Diana Berberich asks some excellent questions:
<fishfaceid at yahoo_com>
>      How does a ballast "know" if it is driving a
> florescent tube or compact tubes like I have from AH
> Supply?  

Short answer is, it doesn't; it isn't sentient!  Nor do they have
detectors.  Different lamps will present different resistance to the
flow and the a higher resistance will cause a great voltage drop across
the the bulb.  A circuit could be used to detect that, but it probalby
wouldn't be enough info to decide how to change the ballast.  Dollars
to donuts they don't have any such thing in the electronic ballasts.  I
know the marketing sounds like the ballasts change depending on the
bulb as if they intelligiently adapt via voltage servos, invisible
fields, or gosh knows what -- but if you listen closely, or read
closely.  They don't say anything not consistent with the
one-valve-one-position description:   A ballast is sort of like a valve
on a hose; it provides a certain amount of restriction but it doesn't
know what nozzle is on the end of the line.

> I replaced an old burned out ballast with an
> electronic ballast called the UltraLux which has some
> nice features.  I can use 4, 24 inch tubes up to 4, 96
> inch tubes and the ballast supposedly adjusts to drive
> them.  I am not an electrical wizard by any means.
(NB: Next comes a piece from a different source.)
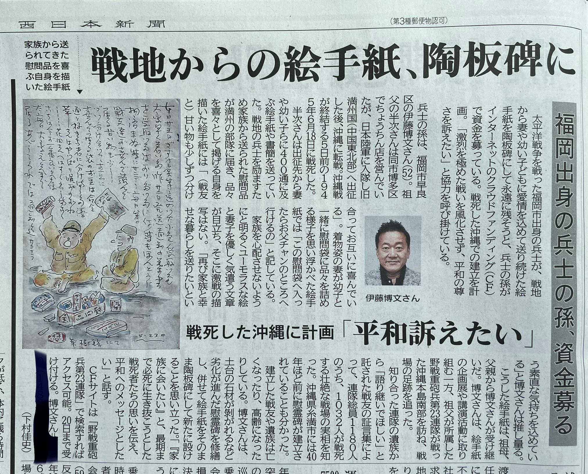 2021/11/19 22:54家族愛に満ちた祖父の絵手紙を陶板碑にして、沖縄戦を戦った野戦重砲兵第23連隊の慰霊碑の場所(沖縄県糸満市)へ。※写真:令和3年11月12日 西日本新聞朝刊(第三社会面) もっと見る

But
> here is what they say on their web site:
> http://www.fullspectrumsolutions.com/UltraLux-Ballast.htm
>    Operates any combination of lamps (T5, T8, T10, and
> T12)
>    Operates 1 to 4 lamps both 1 & 2 lamp or 3 & 4 lamp
> 120V, 50/60Hz

Yes, they light and stay lit.

>    Will work on lower voltage systems and is not
> affected by brown outs.  
>    Operates as rapid start or instant start
well it does one or the other, but it will light either kind of bulb. 
See Waynes' posts about the chronic wear mismatching causes.  NOt
something you'll probably see with 12 hour cycles.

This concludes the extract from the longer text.